Dataset excerpts
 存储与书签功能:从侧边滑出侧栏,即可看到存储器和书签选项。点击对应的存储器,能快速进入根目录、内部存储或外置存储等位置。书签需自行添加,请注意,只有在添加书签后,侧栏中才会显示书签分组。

---

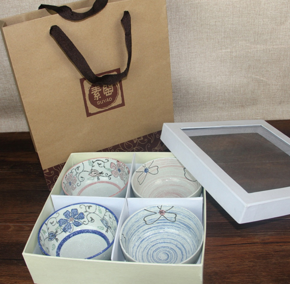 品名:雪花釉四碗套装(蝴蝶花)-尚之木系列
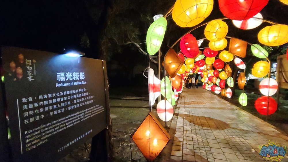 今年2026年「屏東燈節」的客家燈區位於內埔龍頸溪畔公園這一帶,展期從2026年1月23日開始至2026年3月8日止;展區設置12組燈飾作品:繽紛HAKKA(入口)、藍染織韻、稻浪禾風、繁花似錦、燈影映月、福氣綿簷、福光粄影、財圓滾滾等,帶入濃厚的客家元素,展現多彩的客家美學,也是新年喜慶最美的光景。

Task
Print the line above containing "品名:雪花釉四碗套装(蝴蝶花)-尚之木系列", the line containing "今年2026年「屏東燈節」的", and everything between them, exactly as written. Pictures stay out.

Solution for this problem
 品名:雪花釉四碗套装(蝴蝶花)-尚之木系列
 今年2026年「屏東燈節」的客家燈區位於內埔龍頸溪畔公園這一帶,展期從2026年1月23日開始至2026年3月8日止;展區設置12組燈飾作品:繽紛HAKKA(入口)、藍染織韻、稻浪禾風、繁花似錦、燈影映月、福氣綿簷、福光粄影、財圓滾滾等,帶入濃厚的客家元素,展現多彩的客家美學,也是新年喜慶最美的光景。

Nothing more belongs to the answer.